Historical Figures

Gabriela Mistral, feminist poet

Lucila de María del Perpetuo Socorro Godoy Alcayaga, known as Gabriela Mistral (April 7, 1889 in Vicuña – January 10, 1957 in New York), was a Chilean woman of letters and feminist, who won the Prize in 1945 Literature Nobel.

First poems

Lucila de María was born in Vicuña (in the Andes Mountains, northern Chile) on April 7, 1889. She was only three years old when her father, a teacher, left the family, which lived in difficult conditions. The young girl could still go to school, before becoming a teacher's assistant at the age of fourteen. The following year, she published her first poems under a pseudonym, including "Ensonaciones", "Junto al Mar" and "Carta Intima", in a local newspaper.

Readings for mujeres

In 1906, Lucila de Maria, who was then seventeen, became a teacher. She befriends a railroad employee, Romeo Ueta, who commits suicide three years later. This drama will have a profound influence on his writings, marked in particular by nostalgia and death. In 1914, his collection Sonetos de la Muerte (Sonnets of Death) wins the Juegos Florales prize in Santiago. It was then that she chose a pseudonym contracting the names of her favorite poets, Gabriele D'Annunzio and Frédéric Mistral:Gabriela Mistral.

In 1922, the Mexican Ministry of Education asked Gabriela to set up a system of libraries and schools. The same year, his collection Desolacion enjoys international success. In 1923, his Lecturas para Mujeres (Readings for Women) evoke motherhood and the education of children. She subsequently published a collection of nursery rhymes, Ternura (Tenderness), celebrating women's bodies.

Nobel Prize for Literature

Having become a professor of Spanish at the University of Chile, Gabriela Mistral left to give lectures in the United States and Europe, then traveled through Latin America. From 1925 to 1934, she lived in France and Italy and took part in actions for the intellectual cooperation of the League of Nations. She also became consul of Chile in the United States, France, Italy and Spain. In Madrid, she meets the poet Pablo Neruda. In 1929, his mother, Petronila Alcayaga, died; in 1938, Gabriela dedicated the first part of her book Tala to him. . The profits obtained thanks to this work are used to help the orphans of the Spanish Civil War.

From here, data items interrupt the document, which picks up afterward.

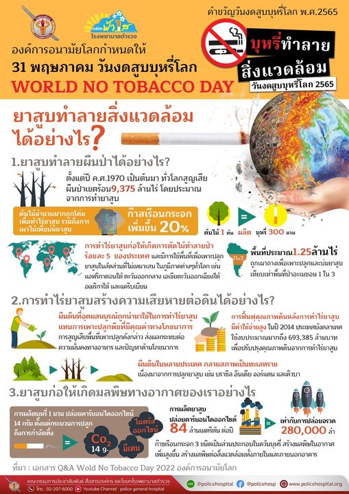 เนื่องในโอกาสวันงดสูบบุหรี่โลก ในวันอังคารที่ 31 พฤษภาคม พ.ศ. 2565 คณะทำงานโรงพยาบาลตำรวจปลอดบุหรี่ ขอเชิญชวนข้าราชการตำรวจ บุคลากรโรงพยาบาลตำรวจ และประชาชน ตระหนักถึงโทษและพิษภัย ของบุหรี่และบุหรี่ไฟฟ้า
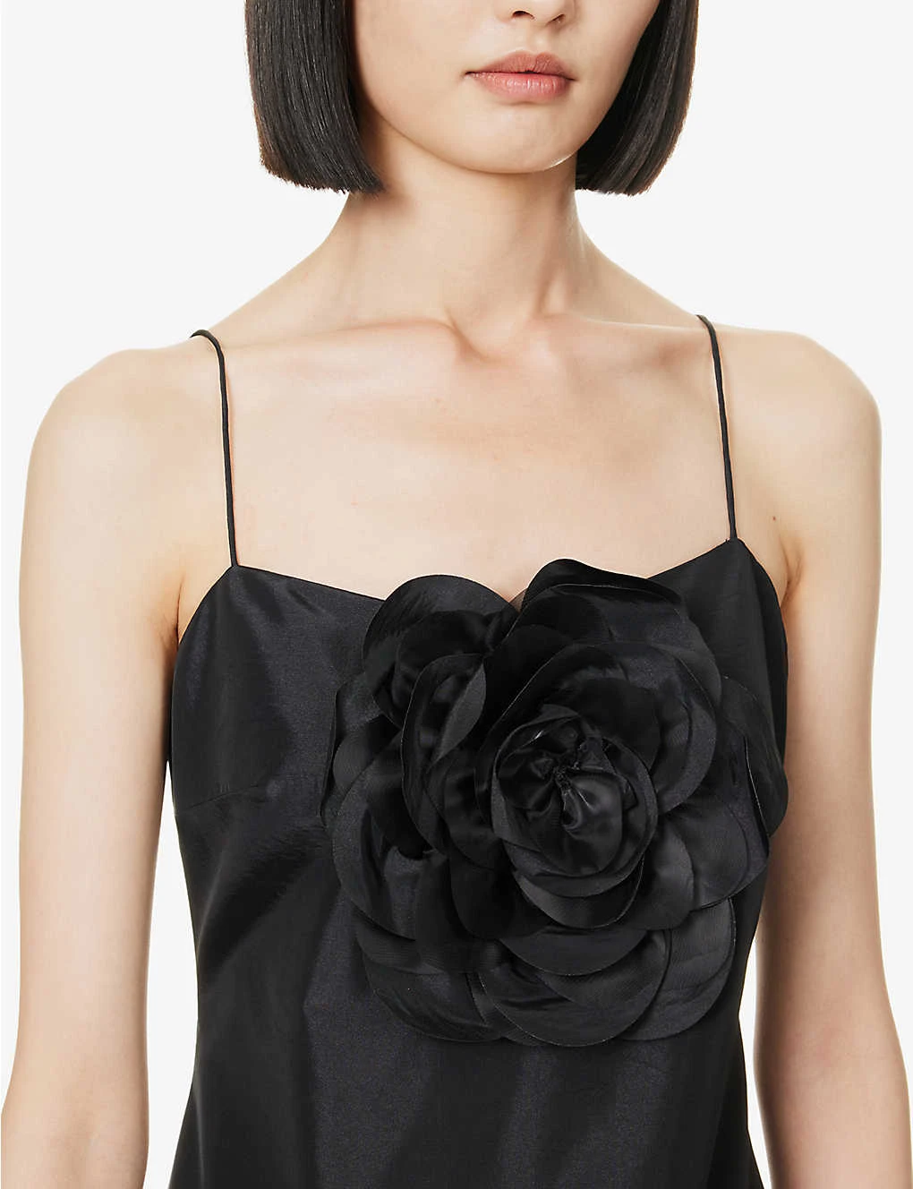 - Regular fit, sweetheart neckline, shoulder straps, floral applique at front, tiered skirt, lined
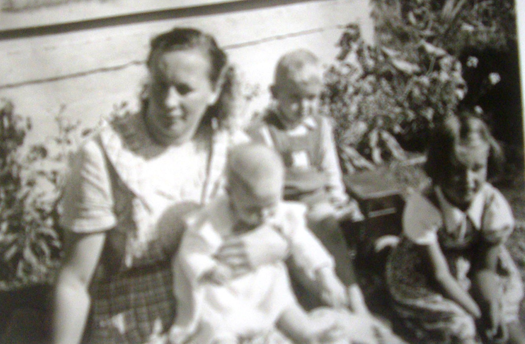 Salme  lasten kanssa pihalla  50-luvun alkupuolella. Takana mäellä Puustelli.
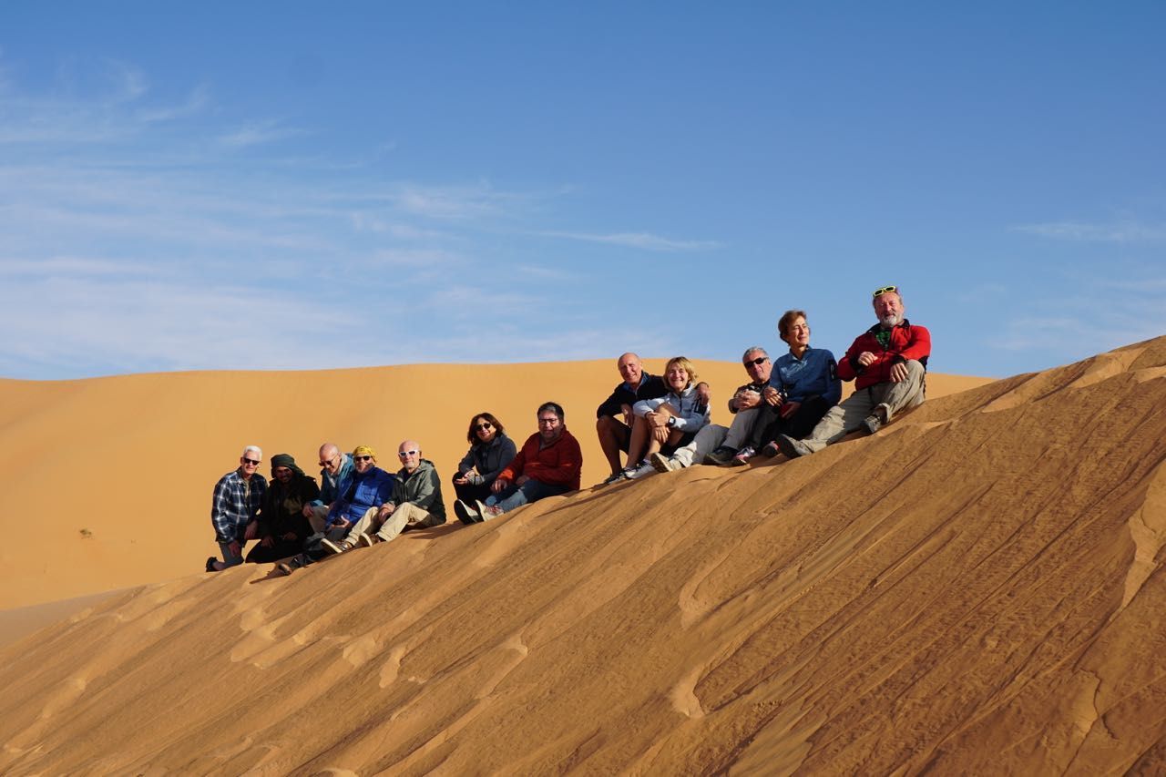 Arrivati sulla cima ammiriamo con stupore la conformazione geologica dell’orizzonte, alte montagne di sabbia con davanti pianori con un colore bianco sale, qualcuno dice che sono laghetti prosciugati altri che concrezioni di gesso affiorate nelle ere passate, questo è quello che vedremo e percorreremo nei prossimi giorni, comunque fantastico e inusuale anche per esperti sahariani.
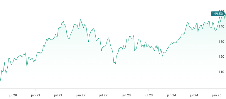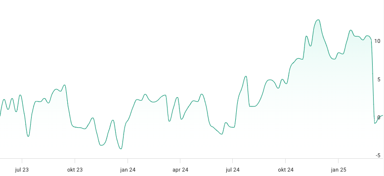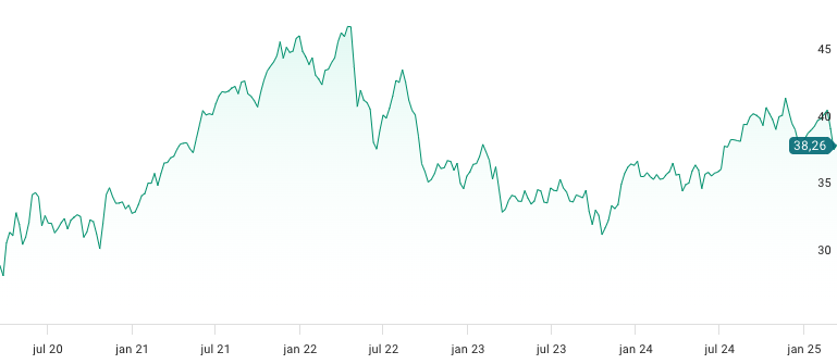 • Avkastning 5 år exklusive utdelning: + 36 % (2020 – 2025)
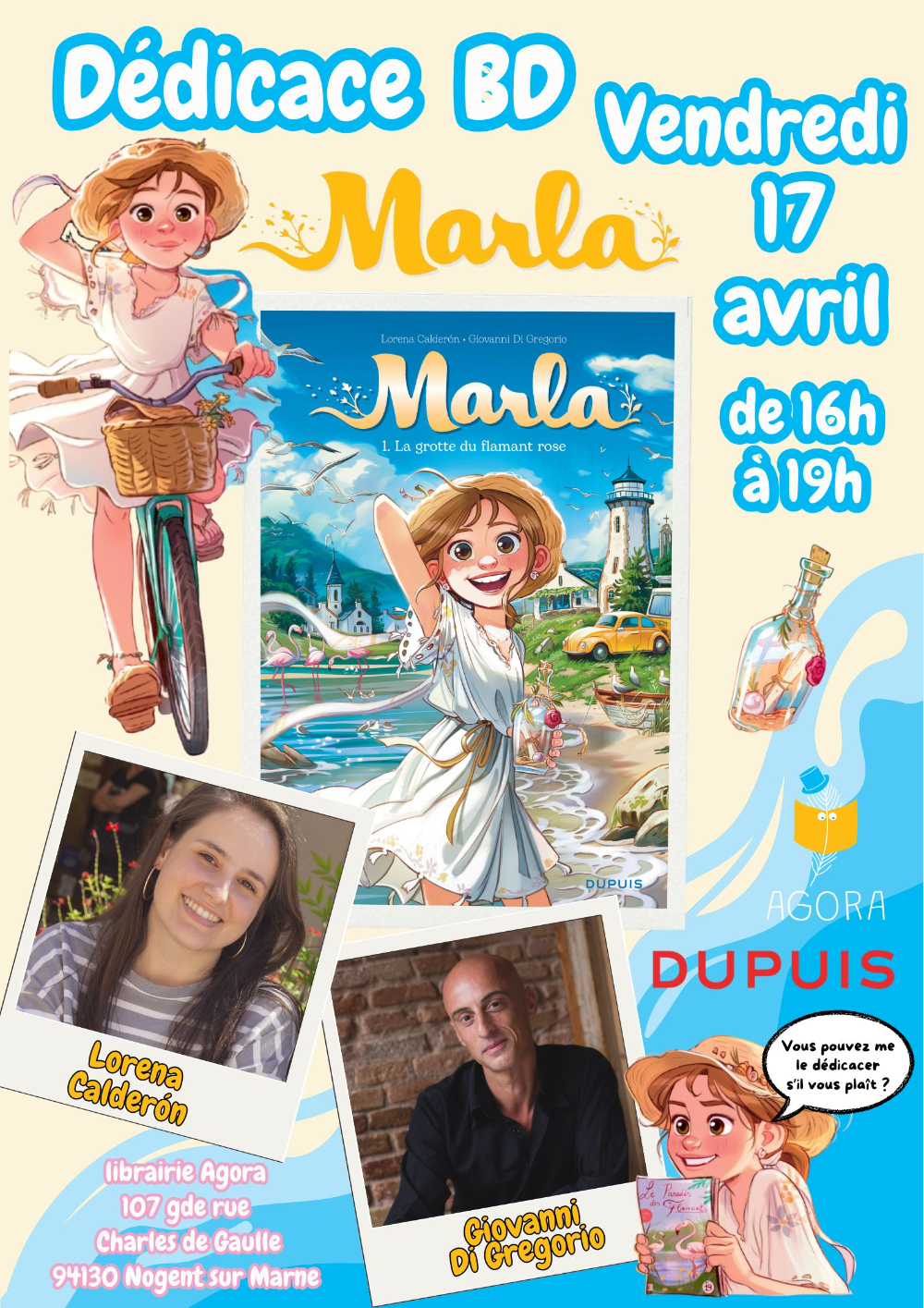 Nous avons l'immense plaisir d'accueillir les auteurs Lorena Calderón & Giovanni Di Gregorio (scénariste de la série Les soeurs Grémillet) le vendredi 17 avril 2026 de 16h à 19h pour une séance de dédicace en avant-première pour le tome 1 de Marla aux éditions Dupuis. Entrée libre et gratuite pour tous
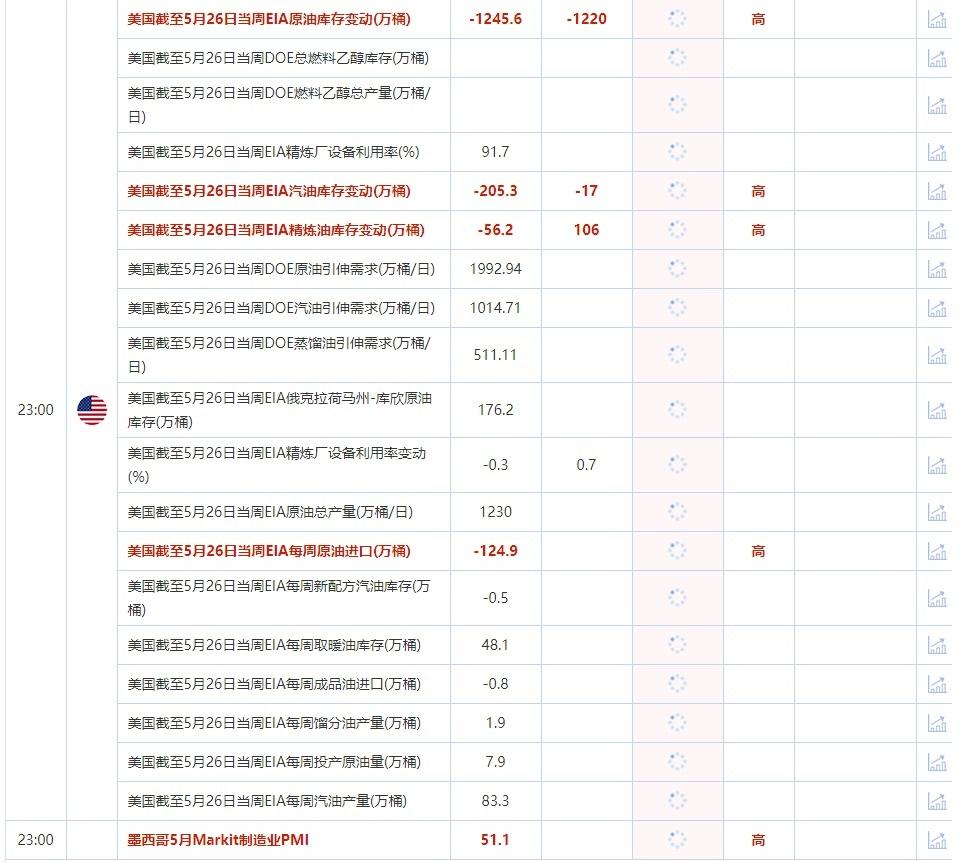 23:00 美国截至5月26日当周EIA原油库存变动(万桶) , 前值 -1245.6 , 预期值 -1220 , 公布值:待发布23:00 美国截至5月26日当周DOE总燃料乙醇库存(万桶) , 前值 需加前值 , 预期值 -- , 公布值:待发布

In 1943, his seventeen-year-old nephew committed suicide and this new drama marked his last work, Lagar . In 1945, she was the first writer from Latin America to receive the Nobel Prize for Literature. In 1951, the National Literary Prize of Chile was awarded to him. Gabriela writes on various themes, such as her native country, her Indian origins, motherhood, the feminine condition or even love and death.

Weakened by her many travels, Gabriela Mistral spent her last years in New York State. On January 10, 1957, she died of cancer and the Chilean government declared three days of national mourning. Ten years later, his friend Doris Dana will publish a last posthumous collection of his works, Poema de Chile .

Absent

I leave you and go on your own breath;
I am the moistness of your body evaporating.
I leave you and go with sleep and wakefulness,
and in your clearest memory I fade.
And I become in your memory like those
Who in the plains and woods were not born.